Bedrock Invoke class for invoking models without Converse API (e.g. Bedrock Custom Model Import) by dgallitelli · Pull Request #1217 · strands-agents/sdk-python

dgallitelli · 2025-11-19T22:59:27Z

Description

This PR adds a new BedrockModelInvoke class that uses AWS Bedrock's native InvokeModel and InvokeModelWithResponseStream APIs instead of the Converse/ConverseStream APIs used by the existing BedrockModel class. This is particularly ideal to introduce support for Bedrock Custom Model Import.

Key Features:

Broader Model Support: Works with Bedrock models that don't support Converse APIs, including imported models
Multiple Format Support: Handles both Anthropic Messages API format and OpenAI ChatCompletion format
Streaming Support: Processes streaming responses from InvokeModelWithResponseStream
Tool Integration: Converts Strands tool specs to model-specific formats (OpenAI functions, Anthropic tools)
Error Handling: Maps Bedrock-specific errors to appropriate Strands exceptions

Use Case:
This implementation is particularly useful for imported models (via Bedrock's Custom Model Import feature) that may only support native InvokeModel APIs and expect specific request formats like OpenAI ChatCompletion.

Related Issues

N/A

Documentation PR

N/A

Type of Change

New feature

Testing

How have you tested the change? Verify that the changes do not break functionality or introduce warnings in consuming repositories: agents-docs, agents-tools, agents-cli

I ran hatch run prepare

Checklist

I have read the CONTRIBUTING document
I have added any necessary tests that prove my fix is effective or my feature works
I have updated the documentation accordingly
I have added an appropriate example to the documentation to outline the feature, or no new docs are needed
My changes generate no new warnings
Any dependent changes have been merged and published

By submitting this pull request, I confirm that you can use, modify, copy, and redistribute this contribution, under the terms of your choice.

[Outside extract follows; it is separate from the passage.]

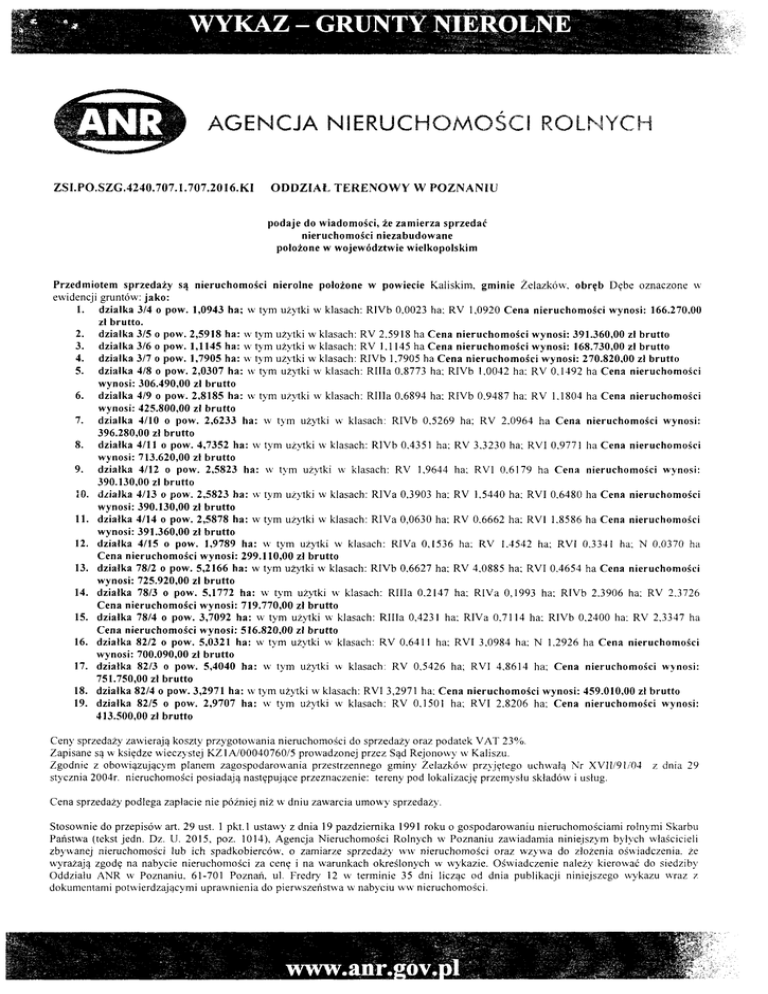 oddziału ANR rv Poznaniu. 61-701 Poznań. ul. Fredry l2 rv terminie 35 dni licz4c od dnia publikacji ninie.jszegowykazu u,raz z'

dgallitelli · 2025-11-19T23:03:54Z

Note: hatch run prepare gives error: T-strings are only supported in Python 3.14 and greater [syntax]. However in my code I don't use T-strings. Please verify if someone else introduced this dependency.

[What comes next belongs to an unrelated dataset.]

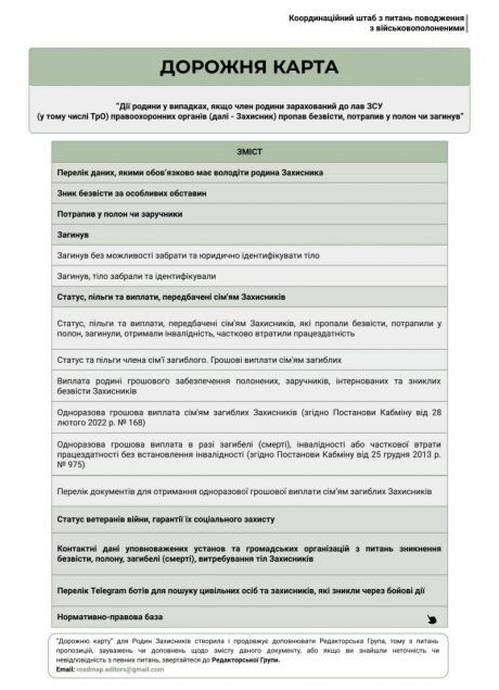 Координаційний штаб з питань поводження з військовополоненими розробив дорожню карту «Дії родини у випадках, якщо член родини зарахований до лав ЗСУ (у тому числі ТрО), правоохоронних органів пропав безвісти, потрапив у полон чи загинув»

westonbrown · 2025-11-26T15:43:29Z

Do we have any update on when this PR will be merged?

This will unlock the ability to leverage the new opus 4.5 features like tool search, lazy loading of tools, etc. in Bedrock.

Currently it's not possible since only supported via invoke api.

sirianni · 2026-03-11T19:28:49Z

+1 any update from the Strands team on this?

dgallitelli · 2026-03-13T16:19:11Z

Updates since original submission

Rebased onto current main and fixed several issues found during review. Here's a summary:

Rebase / merge conflict (`src/strands/models/init.py`)

main refactored the models package to use lazy loading via __getattr__ and added CacheConfig. The conflict was resolved by keeping BedrockModelInvoke as an eager import alongside BedrockModel (both depend only on boto3, which is already a required dependency), while preserving all lazy-loaded providers and CacheConfig from main.

Bug fixes (`src/strands/models/bedrock_invoke.py`)

1. _format_request always used OpenAI format (functional bug)
The method called _format_openai_request unconditionally despite _get_model_family() existing. Native Anthropic model IDs (e.g. anthropic.claude-*) would have received an OpenAI-formatted request body, causing API errors. Fixed to route to _format_anthropic_request when the model family is "anthropic".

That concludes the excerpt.